Un’anziana di 82 anni è deceduta 14 giorni dopo una prestazione medica che la famiglia sostiene sia stata gestita in maniera quantomeno anomala. Trattenuta al pronto soccorso e poi dimessa nonostante le condizioni di salute precarie, è stata due ore dopo nuovamente accolta in pronto soccorso e stavolta sì ricoverata in reparto.
«Ma i medici hanno cancellato dal fascicolo elettronico il referto con le dimissioni», è l’accusa mossa dalla famiglia, attraverso l’avvocato Nicola Todeschini di San Vendemiano (Treviso).
Il legale, che ha presentato un esposto in Procura e all’Usl 4, chiede un risarcimento di 1 milione e 100 mila euro. Il fatto di presunta malasanità è successo all’ospedale di San Donà di Piave il 13 settembre 2020, in piena pandemia. La Procura di Venezia ha archiviato subito il procedimento ma l’avvocato Todeschini è deciso a opporsi.
«Al pronto soccorso dell'ospedale di San Donà di Piave non è stata riconosciuta la condizione febbrile della paziente ed è stata ipotizzata imprudentemente un'eziologia dei sintomi di mera natura ortopedica», è specificato nell’esposto.
Quando l’ottantaduenne è stata ricondotta a casa in ambulanza, ricostruiscono le figlie, manifestava una condizione clinica drammatica, con febbre alta e stato confusionale.
«Il personale del 118 ci ha consegnato il verbale cartaceo con l’indicazione delle dimissioni e una mera prescrizione di riposo con assunzione di antinfiammatori e previsione di nuova radiografia di controllo a distanza di sette giorni».

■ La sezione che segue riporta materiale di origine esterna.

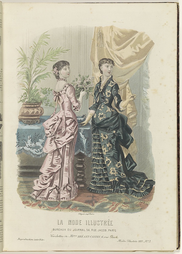 - Платье для визитов 1885-го года с крупным турнюром. Платье надевается поверх нижней юбки того же цвета и драпируется по бокам. Los Angeles County Museum of Art, M.2007.211.34a-b.

Le rimostranze delle figlie sono state palesi, nei confronti del personale dell’ambulanza. E infatti, di lì a poco, il medico che aveva firmato quelle dimissioni ha contattato la famiglia «ammettendo che le dimissioni erano state un errore, poiché era stata eseguita una sola valutazione ortopedica e non era stato tenuto adeguatamente conto delle condizioni di febbre e dei valori ematici della signora».
A quel punto c’è il nuovo ingresso in ospedale a San Donà, stavolta con ricovero. Ma a questo punto della storia c’è un giallo, nel senso che nel nuovo referto spariscono le dimissioni delle 10.31 e compare invece solamente il ricovero in ospedale.

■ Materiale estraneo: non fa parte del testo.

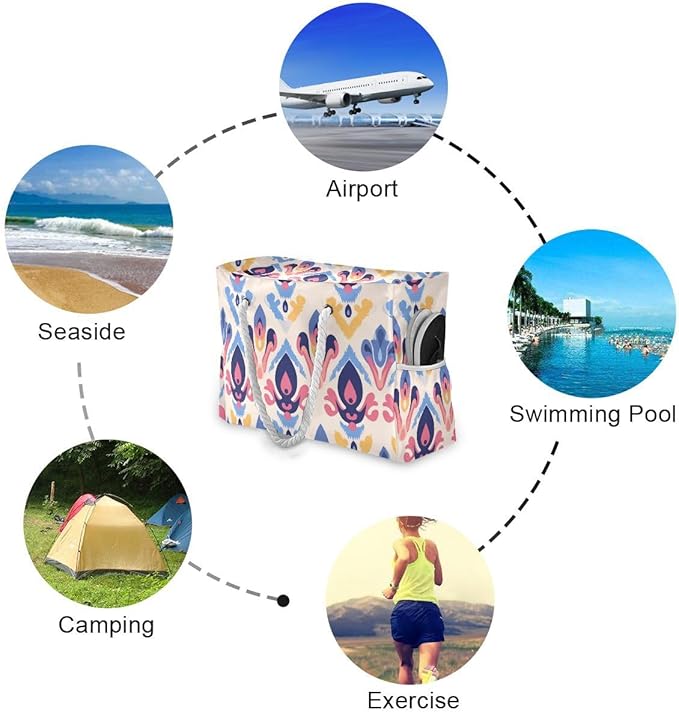 - RIP-STOP FABRIC & WATERPROOF: The beach bag is made of RIP-STOP canvas cloth which is ideal fabric for beach bags. It is Sturdy and Resistant to Rips and Water.The outer is also easy to clean: simply spray water/detergent and wipe for most stains.

La famiglia interpreta questa manomissione dei referti come un tentativo di cambiare le carte in tavola, a fronte di quello che considerano una evidente sottovalutazione.
«Non è mai stato chiarito come sia possibile che gli operatori alterino un atto pubblico già licenziato e reso disponibile nel fascicolo elettronico» evidenzia l’avvocato Todeschini. «Eliminando fatti che hanno precedentemente attestato essersi verificati in loro presenza (diagnosi e dimissione a carico della struttura), privando così l'atto pubblico di qualsiasi valenza e rendendosi responsabili di una condotta di chiaro rilievo penale».
L’esposto è stato inviato a Usl 4 Veneto Orientale, Regione Veneto e Ministero della Salute. Ora la palla passa di nuovo all'autorità giudiziaria, soprattutto alla luce dell'opposizione all'archiviazione.